Fato é que, desde então, cientistas têm procurado os “verdadeiros” planetas de Barnard. Agora acharam o primeiro. E, veja só, talvez exista também um gigante gasoso ao redor dela, como sugeria — por motivos errados — Van de Kamp.
“Há evidências muito fortes de um padrão que tipicamente indicaria a presença de um planeta gigante gasoso — maior que Netuno — com período orbital muito longo, mas o conjunto de dados não é ainda suficiente para dizer muito mais que isso”, diz Anglada-Escudé.
Em seu artigo científico, os pesquisadores sugerem que esse gigante gasoso, se existir, deve completar uma volta ao redor da Estrela de Barnard a cada 18 anos, aproximadamente. Mas, com os dados à disposição, ainda é cedo para afirmar que ele realmente esteja lá.
E quanto a planetas interiores, mais próximos da estrela que o Estrela de Barnard b, poderia haver algum? Improvável, mas não impossível.

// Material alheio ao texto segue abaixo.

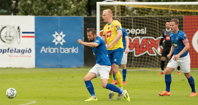 Hallgrímur reynir skot fyrir utan teig sem er hátt yfir markið. Ívar var að koma í hlaupinu vinstra meginn við hann og hefði mögulega verið álitlegri kostur.

“Parece não haver nenhum planeta ‘significativo’ dentro da órbita do Estrela de Barnard b”, diz Anglada-Escudé. “Poderíamos ter detectado coisas tão pequenas quanto a Terra e não vimos nada até agora. Isso não significa que eles não estão lá — poderia haver planetas numa órbita inclinada que não teríamos como detectar –, mas não há evidências para qualquer mundo como a Terra, ‘ameno’, até agora.”
Ou seja, diferentemente do Sol e de Proxima Centauri, a Estrela de Barnard parece não ter ganho na loteria cósmica dos planetas potencialmente habitáveis. Mas isso não torna a atual descoberta menos importante.
IMPLICAÇÕES
Uma das principais vantagens de encontrar planetas ao redor da Estrela de Barnard é que ela está muito próxima de nós. Isso significa que, com a próxima geração de telescópios em solo e no espaço, na década de 2020, existe a perspectiva de que possamos detectar a luz refletida por eles de forma direta.

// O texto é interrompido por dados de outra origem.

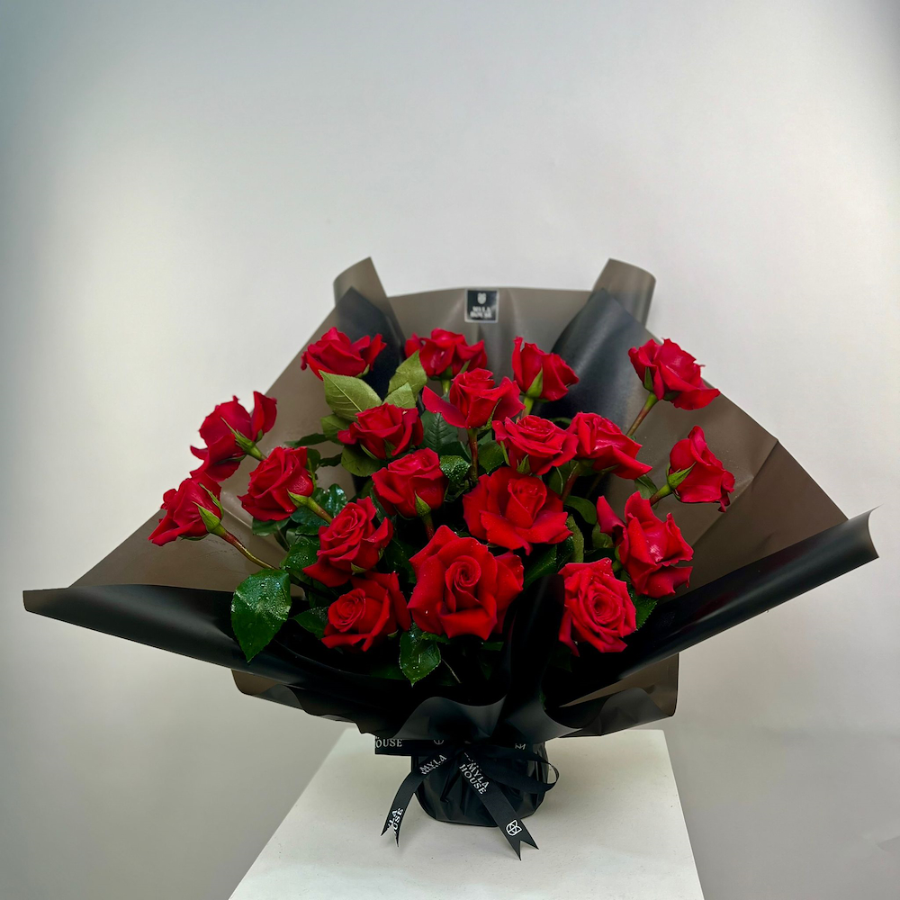 باقة فاخرة من الجوري الحمراء الملفوفة بالأسود لإطلالة راقية وجذابة.

Essa luz carrega consigo uma “assinatura” que pode informar uma grande quantidade de dados sobre a composição da superfície e da atmosfera desse mundo, além de seu padrão de rotação e nuvens, entre outros parâmetros. Uma visão até agora sem precedentes do ambiente de um exoplaneta.
Outro aspecto interessante é a descoberta de que o Estrela de Barnard b está numa região de seu sistema que é muito próxima à chamada “linha do gelo”, a fronteira que divide a área do sistema em que materiais voláteis (como água) se tornam sólidos no espaço e ajudam a compor os planetas.

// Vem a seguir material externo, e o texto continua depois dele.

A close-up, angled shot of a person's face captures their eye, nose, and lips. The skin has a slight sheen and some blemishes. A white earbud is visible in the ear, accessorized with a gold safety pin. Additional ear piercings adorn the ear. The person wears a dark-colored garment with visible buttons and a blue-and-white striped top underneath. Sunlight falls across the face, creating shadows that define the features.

Há algumas predições teóricas de que a região da linha do gelo é particularmente propícia à formação planetária, e a descoberta deste novo mundo pode dar força a essa ideia.
Agora, claro que a etapa número zero agora é confirmar que o planeta está mesmo lá. Afinal, 99% de probabilidade não é 100%. E os próprios autores da descoberta têm uma sugestão para isso, sabor ironia.
Eles dizem que as medições de astrometria de alta precisão feitas pelo satélite europeu Gaia, que vêm se acumulando desde seu lançamento, em 2013, poderão em breve não só confirmar que o planeta está lá, mas também determinar sua massa (e não apenas seu valor mínimo, como a técnica da velocidade radial).
Astrometria consiste em observar com precisão a posição da estrela no céu com o passar do tempo, e com suficiente precisão seria possível ver o bamboleio gravitacional causado pelo planeta diretamente, e não apenas inferi-lo pela distorção causada pela assinatura de luz da estrela.
Foi essa justamente a técnica empregada por Peter van de Kamp, na época sem sucesso, para detectar seus falsos positivos em Barnard. Seis décadas depois, agora é para valer.